You know I was just busting your chops right? I didn't know if you were on one of those house flipping shows. If it's for your own work and website that's awesome. I would like a pro to shoot us for our website videos.


----------



## vermontpainter (Dec 24, 2007)

Damon T said:


> Is that the new Festool camera? The tracks make it look that way!


The rail system concept is similar, maybe even smoother.


----------



## PressurePros (May 6, 2007)

vermontpainter said:


> The tech that ran this beast said that this was the exact unit used in filming The Hobbit movies. Some lenses for it are $8k.
> 
> Absolutely nuts what they can do with this thing.
> 
> ...


I don't know every model/brain by look but I know they used a RED Epic on The Hobbit (actually, I think they used 50 of them).

That's a serious set up. I am looking forward to seeing the footage once its edited and color graded.


----------



## vermontpainter (Dec 24, 2007)

PressurePros said:


> I don't know every model/brain by look but I know they used a RED Epic on The Hobbit (actually, I think they used 50 of them).
> 
> That's a serious set up. I am looking forward to seeing the footage once its edited and color graded.

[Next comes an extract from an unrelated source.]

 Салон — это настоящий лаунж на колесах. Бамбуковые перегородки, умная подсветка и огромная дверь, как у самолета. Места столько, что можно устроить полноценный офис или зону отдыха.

Likewise. First time working with this crew. 3 days of shooting, lots of footage and variety.


----------



## Lambrecht (Feb 8, 2010)

I can't believe anyone would have that equipment around a bunch of painters. How much overpay did you get on it.


----------



## RCP (Apr 18, 2007)

Very cool Scott! look forward to seeing the finished footage.


----------



## vermontpainter (Dec 24, 2007)

Lambrecht said:


> I can't believe anyone would have that equipment around a bunch of painters. How much overpay did you get on it.


None.


----------



## Sir Mixalot (Sep 8, 2009)

Wow that's awesome Scott! :thumbup:
Can't wait to see the finished video. :thumbsup:


----------



## Jami Lynn (Feb 25, 2014)

I'm wondering if the video they shot is completed yet. I've heard of how crazy good RED cameras are and I'd love to see how it helps your company


----------



## vermontpainter (Dec 24, 2007)

Yes, there are a couple of videos on the internet so far that resulted from this shoot.


----------



## PressurePros (May 6, 2007)

vermontpainter said:


> Yes, there are a couple of videos on the internet so far that resulted from this shoot.

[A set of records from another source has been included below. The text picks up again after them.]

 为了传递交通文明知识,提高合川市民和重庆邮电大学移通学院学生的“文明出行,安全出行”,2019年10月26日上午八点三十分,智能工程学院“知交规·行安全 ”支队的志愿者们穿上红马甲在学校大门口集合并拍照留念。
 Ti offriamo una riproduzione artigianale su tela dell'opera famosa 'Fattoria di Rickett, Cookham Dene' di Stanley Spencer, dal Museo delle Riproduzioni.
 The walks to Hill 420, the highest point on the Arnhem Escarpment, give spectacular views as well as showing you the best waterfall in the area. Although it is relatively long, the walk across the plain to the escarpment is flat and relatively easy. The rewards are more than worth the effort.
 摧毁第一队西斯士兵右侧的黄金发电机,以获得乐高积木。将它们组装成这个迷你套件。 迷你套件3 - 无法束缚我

Do we have to hunt for them?


----------



## vermontpainter (Dec 24, 2007)

PressurePros said:


> Do we have to hunt for them?


Google!

Here's one...


----------



## wje (Apr 11, 2009)

vermontpainter said:


> Google! Here's one... Video Link: http://www.youtube.com/watch?v=vh_Sutcy4pE


Much respect. 

Love what you guys are doing. I've never seen kids as interested in paint or drywall before.


----------



## vermontpainter (Dec 24, 2007)

wje said:


> Much respect.
> 
> Love what you guys are doing. I've never seen kids as interested in paint or drywall before.


Thanks Wes. We have been genuinely blown away and encouraged by the enthusiasm of vocational students and how quickly they learn. 

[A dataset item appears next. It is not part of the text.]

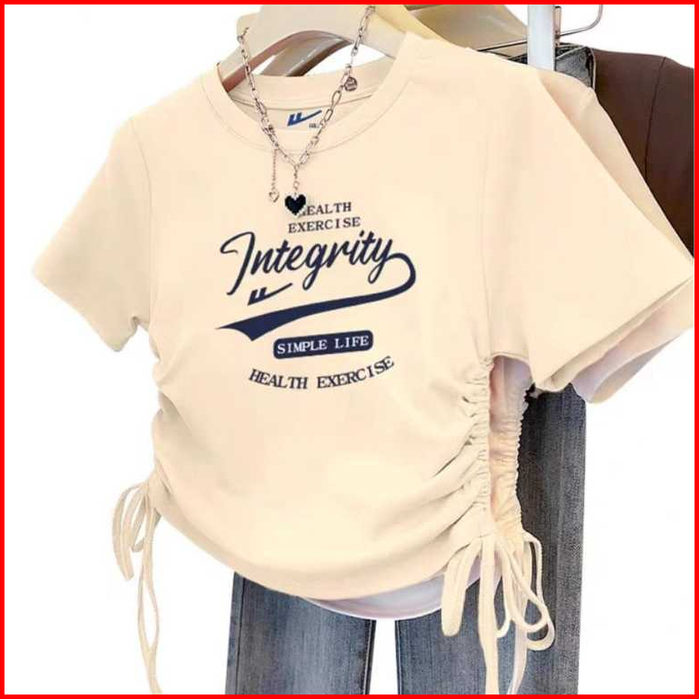 Tshirt Integrity Baju Serut Wanita Crop Top Baju Kaos Wanita Kekinian - Baju Wanita Atasan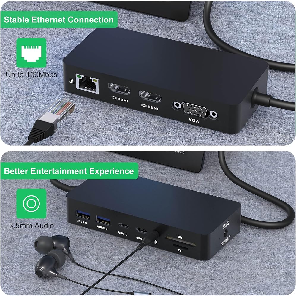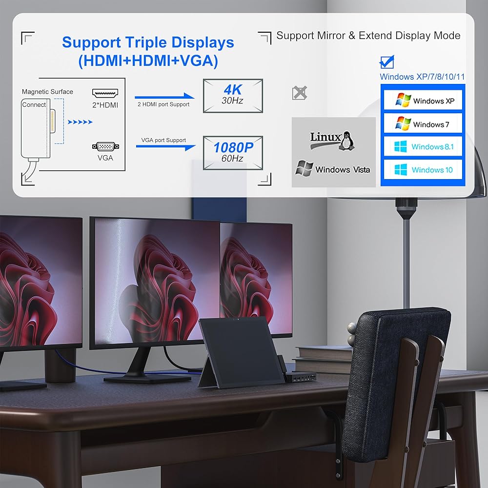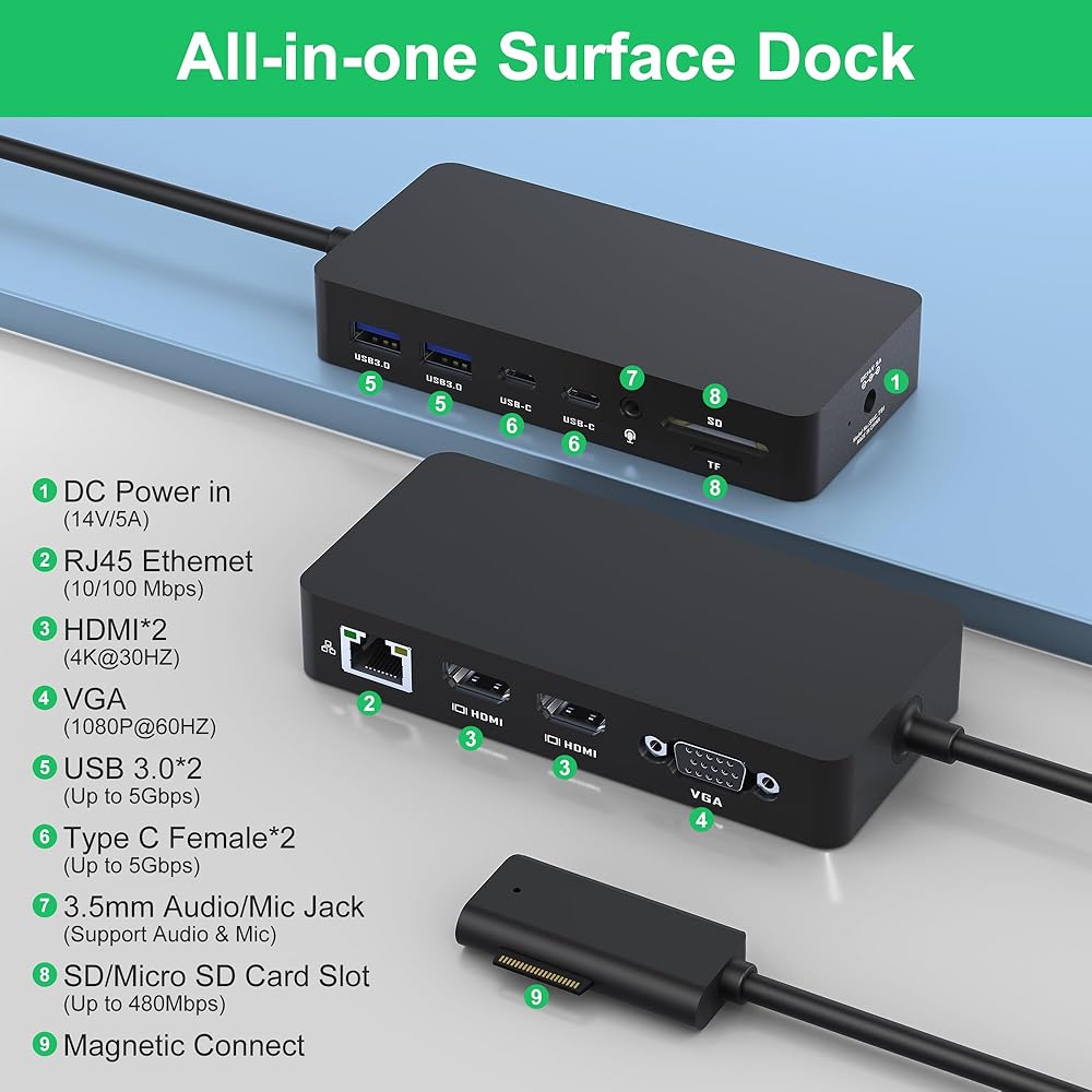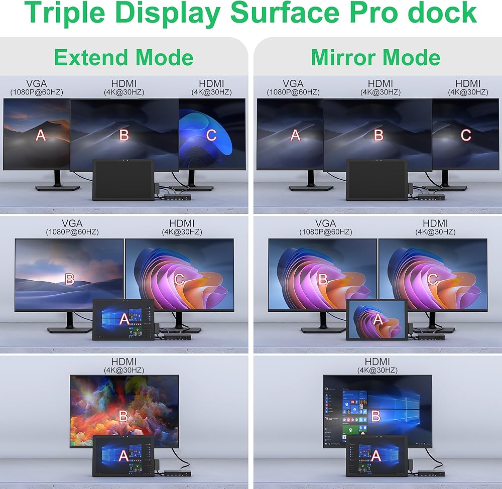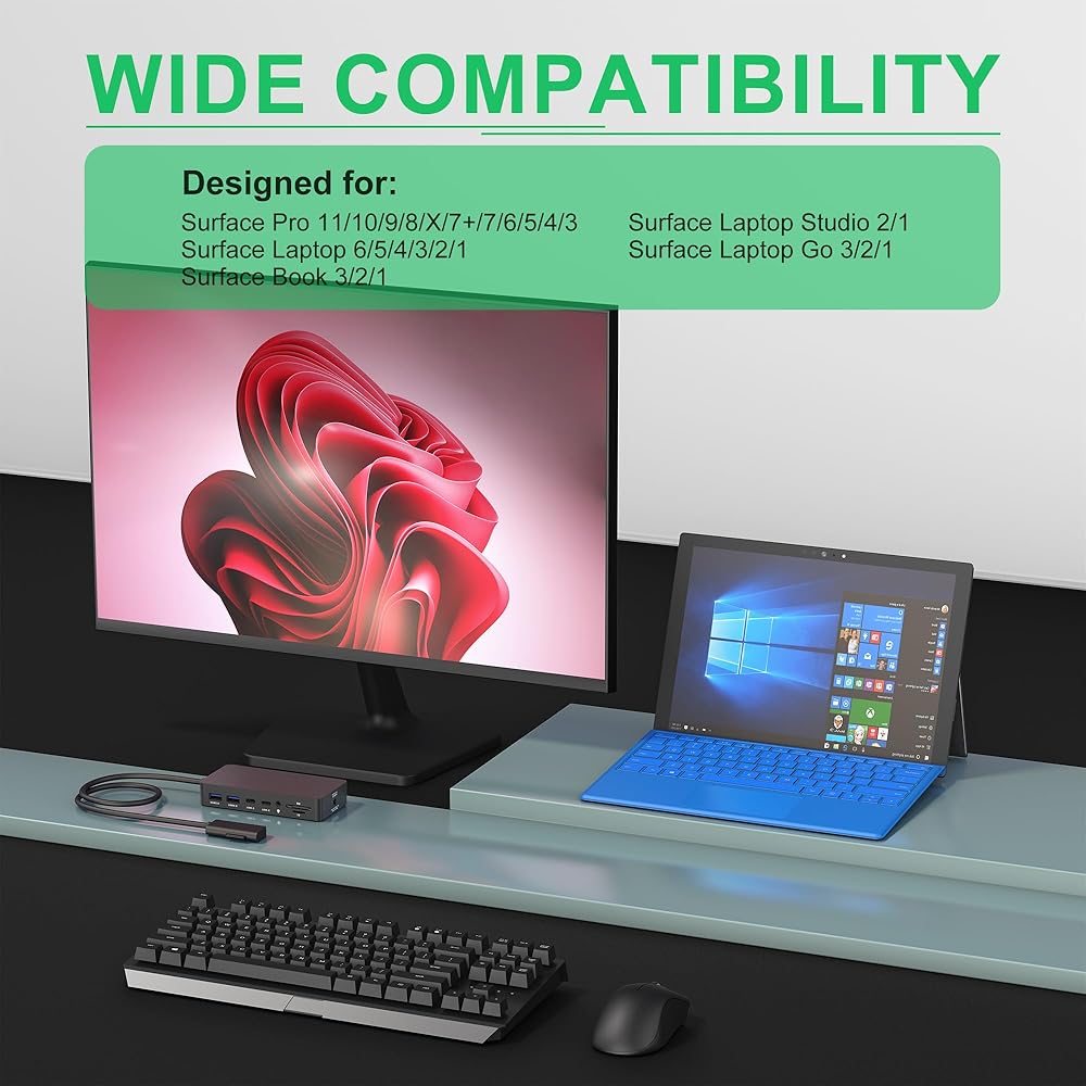 قاعدة شحن Microsoft Surface، شاشات عرض ثلاثية 2 HDMI+VGA، قاعدة سطحية 12 في 1 لجهاز Microsoft Surface Pro 11/10/9/8/X/7/6/5/4/3، وSurface Laptop 6/5/4/3 /2/1، سيرفس لاب توب جو 3/2/1، سيرفس بوك

If anyone ever has a chance to hire a good one, DO IT.

Thats what this is about.


----------



## wje (Apr 11, 2009)

vermontpainter said:


> Thanks Wes. We have been genuinely blown away and encouraged by the enthusiasm of vocational students and how quickly they learn. If anyone ever has a chance to hire a good one, DO IT. Thats what this is about.


Did last summer, man it is refreshing training someone from scratch! And then the summer ends just when they are getting the hang of things


----------



## vermontpainter (Dec 24, 2007)

wje said:


> Did last summer, man it is refreshing training someone from scratch! And then the summer ends just when they are getting the hang of things


In the US, vocational programs are 2 years, so its possible to hire them fairly quickly upon graduation. Other trades, such as plumbing, create awesome internship opportunities that lead to full time employment. Its a great model.


----------



## CApainter (Jun 29, 2007)

Outstanding video VP! 

You're always a great source for inspiration in regards to innovations and career potential in the painting trade. Thank you!


----------



## vermontpainter (Dec 24, 2007)

CApainter said:


> Outstanding video VP!
> 
> You're always a great source for inspiration in regards to innovations and career potential in the painting trade. Thank you!


Thanks CA. 

We don't want to go the way of the blacksmith.


----------



## CApainter (Jun 29, 2007)

Really, you are an inspiration because you maintain an enthusiasm for this trade, and its potential as a respectable career field in the building industry. I automatically sat up straighter when I viewed your video and thought "I better get those train tickets so I can meet this guy at the PDCA Expo". Besides, I have some Festool questions that haven't been answered by corporate.


----------



## vermontpainter (Dec 24, 2007)

CApainter said:


> Really, you are an inspiration because you maintain an enthusiasm for this trade, and its potential as a respectable career field in the building industry. I automatically sat up straighter when I viewed your video and thought "I better get those train tickets so I can meet this guy at the PDCA Expo". Besides, I have some Festool questions that haven't been answered by corporate.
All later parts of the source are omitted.